> Exercise data
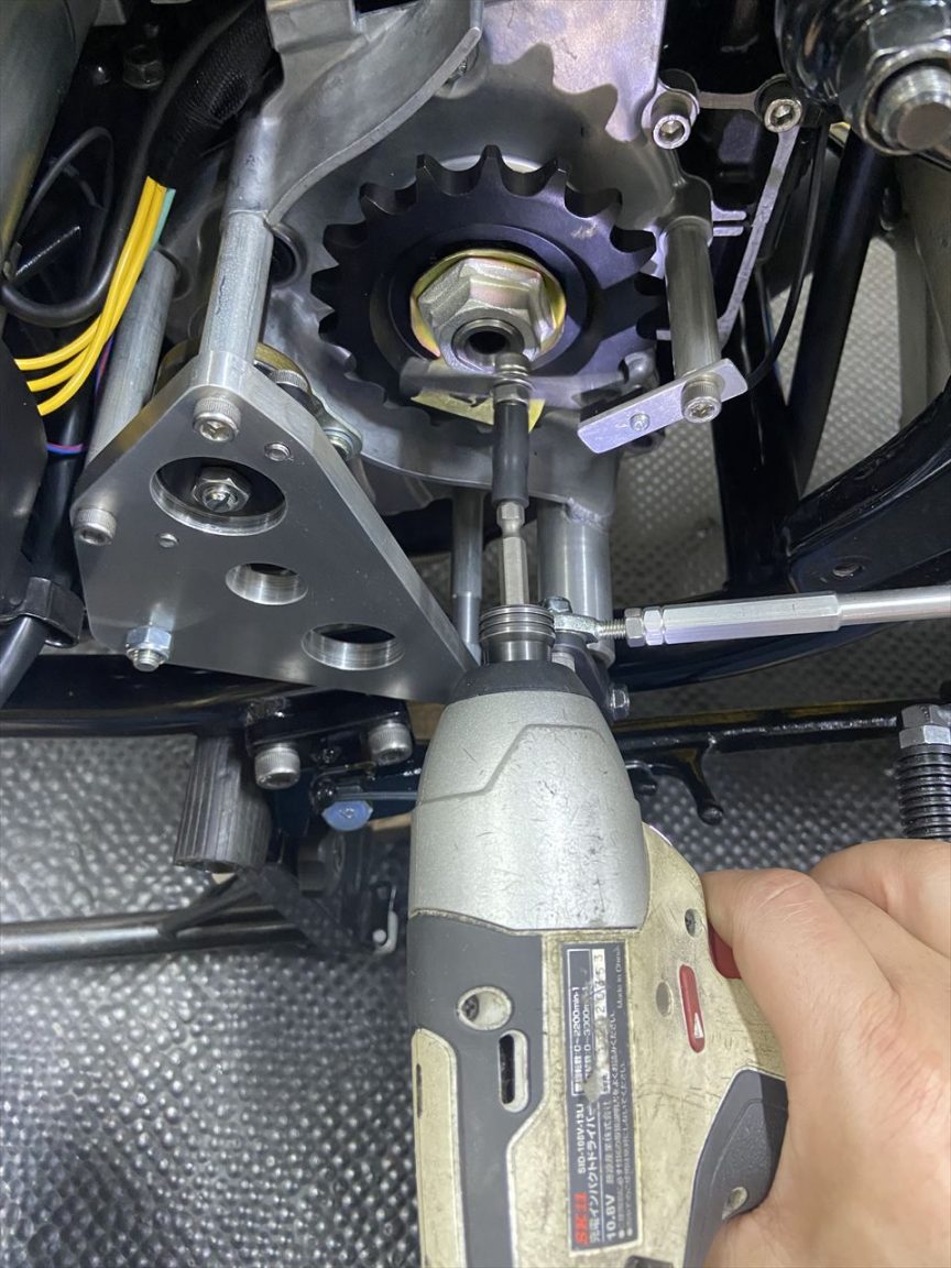 スピードメーターセンサーはアウトプットシャフト側に新設しています。電動ドライバーで疑似信号を作り、スピードヒーラーに最高速を記憶させます。
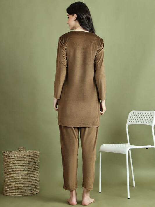 Brown Embroidery Velvet Lounge Set
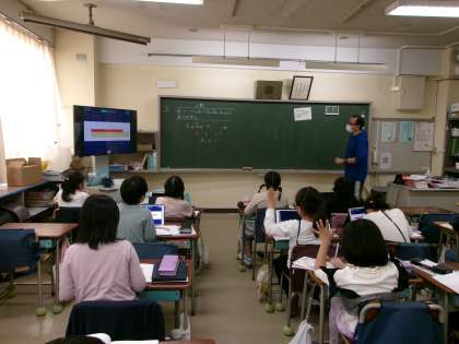 3年生の5校時(算数)の様子です。 上から1組教室、2組教室です。
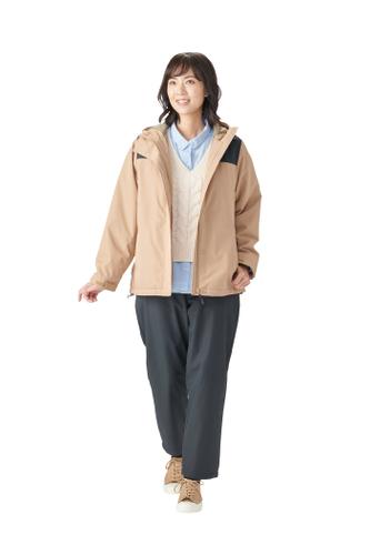 風を通さない仕様であたたかな「防風」機能と、急な雨でも安心の「撥水」機能付き。さらにジャケットは、中綿で保温し熱を逃がさない「蓄熱」機能も施しており、軽やかな着心地と暖かさを両立しています。

> Task
Reproduce the material exactly. Pictures stay out.

> Result for this task
 スピードメーターセンサーはアウトプットシャフト側に新設しています。電動ドライバーで疑似信号を作り、スピードヒーラーに最高速を記憶させます。
 Brown Embroidery Velvet Lounge Set
 3年生の5校時(算数)の様子です。 上から1組教室、2組教室です。
 風を通さない仕様であたたかな「防風」機能と、急な雨でも安心の「撥水」機能付き。さらにジャケットは、中綿で保温し熱を逃がさない「蓄熱」機能も施しており、軽やかな着心地と暖かさを両立しています。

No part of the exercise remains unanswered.